The salary scale of a company CEO start at #1million per annum. A rise of 2000 is given at the end of each year. Find the total amount of money earned in 15 years.
The total amount of money earned in 15 years is #31 million.
To find the total amount of money earned in 15 years, we need to calculate the salary for each year and then sum them up.
Given that the CEO's salary starts at #1 million per annum and there is a rise of #2000 at the end of each year, we can calculate the salary for each year as follows:
Year 1: #1,000,000
Year 2: #1,000,000 + #2,000 = #1,002,000
Year 3: #1,002,000 + #2,000 = #1,004,000
...
Year 15: #1,000,000 + (#2,000 x 14) = #1,000,000 + #28,000 = #1,028,000
To calculate the total amount of money earned in 15 years, we need to sum up the salaries for each year.
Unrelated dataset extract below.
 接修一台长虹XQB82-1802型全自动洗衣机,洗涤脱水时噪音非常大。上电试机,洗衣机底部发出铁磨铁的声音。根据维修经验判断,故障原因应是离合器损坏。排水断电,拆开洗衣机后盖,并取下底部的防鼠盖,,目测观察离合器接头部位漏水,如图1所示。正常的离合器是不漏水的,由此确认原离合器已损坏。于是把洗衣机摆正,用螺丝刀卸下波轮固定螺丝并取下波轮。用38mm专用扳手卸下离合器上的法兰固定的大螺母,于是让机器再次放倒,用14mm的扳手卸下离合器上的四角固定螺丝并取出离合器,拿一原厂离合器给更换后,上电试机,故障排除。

We can use the formula for the sum of an arithmetic series:
Sum = (n/2) * (first term + last term)
where n is the number of terms (in this case, 15), the first term is #1,000,000, and the last term is #1,028,000.
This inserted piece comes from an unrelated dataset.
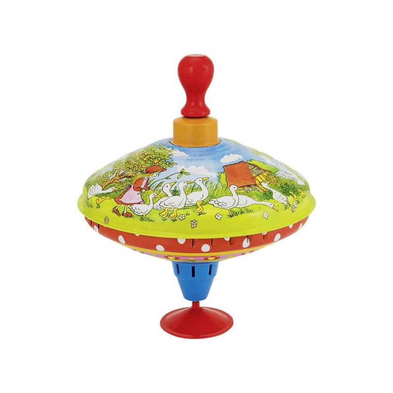 Metalowy bączek do kręcenia posiada ilustrację Małej Gęsiareczki, która wypasa swoje gąski. Poprzez naciśnięcie górnego drążka zabawka zaczyna wirować, a kolory zlewają się w wir różnych kolorów. Dodatkowo z bączka wydobywa się specyficzny dźwięk. Umieszczony jest on na specjalnej podstawie, dzięki czemu nie przewraca się on podczas kręcenia. Zabawka dedykowana jest dla dzieci powyżej 12 miesiąca życia.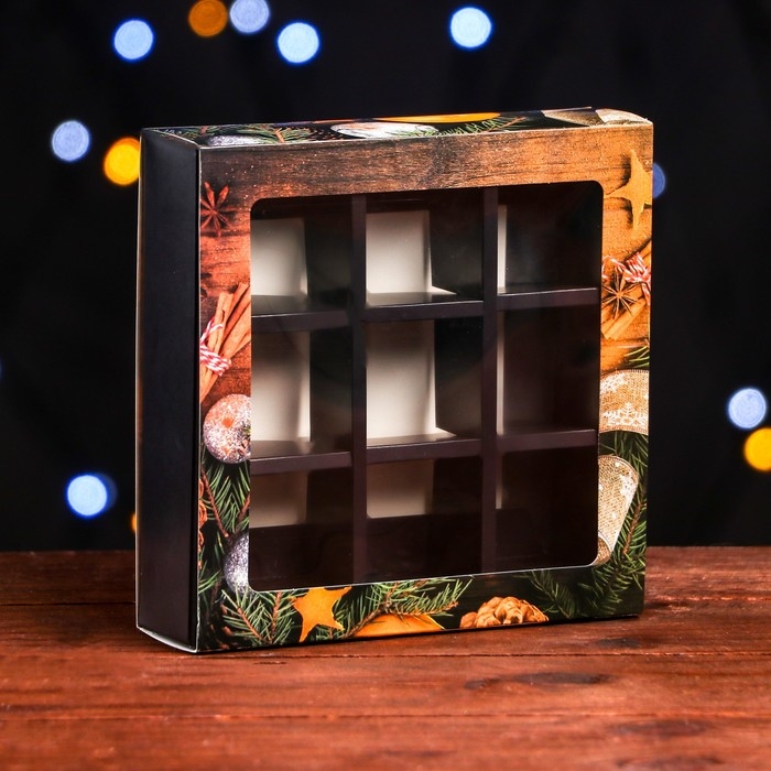 Коробка для конфет, кондитерская упаковка, 9 ячеек, «Нежность внутри», 14.7 х 14.7 х 3.5 см

Using the formula, we can calculate the total amount of money earned as follows:
Sum = (15/2) * (1,000,000 + 1,028,000)
= 7.5 * 2,028,000
= 15,210,000
Therefore, the CEO will earn a total of #15,210,000 in 15 years.
To find the total amount of money earned in 15 years, we can use the arithmetic progression formula.
First, let's calculate the annual salary for each year.
The initial salary is $1 million per annum, and a rise of $2000 is given at the end of each year.
The formula for the nth term of an arithmetic progression is:
aₙ = a₁ + (n - 1)d
Where:
aₙ is the nth term
a₁ is the first term
n is the number of terms
d is the common difference
In this case:
a₁ = $1,000,000
d = $2,000
n = 15 (as we want to calculate for 15 years)
Using the formula, we can calculate the salary for each year:
aₙ = $1,000,000 + (n - 1) * $2,000
Let's calculate the salary for each year and sum them up to find the total amount of money earned in 15 years.
Year 1: $1,000,000
Year 2: $1,000,000 + $2,000 = $1,002,000
Year 3: $1,002,000 + $2,000 = $1,004,000
...
Year 15: $1,000,000 + (15 - 1) * $2,000 = $1,000,000 + $28,000 = $1,028,000
To calculate the sum, we can use the formula for the sum of an arithmetic series:
Sum = (n/2) * (2a₁ + (n - 1)d)
In this case:
n = 15
a₁ = $1,000,000
d = $2,000
Sum = (15/2) * (2 * $1,000,000 + (15 - 1) * $2,000)
Simplifying the equation:
Sum = (15/2) * (2,000,000 + 14 * 2,000)
Sum = (15/2) * (2,000,000 + 28,000)
Sum = (15/2) * (2,028,000)
Sum = 7,620,000
Therefore, the total amount of money earned in 15 years is $7,620,000.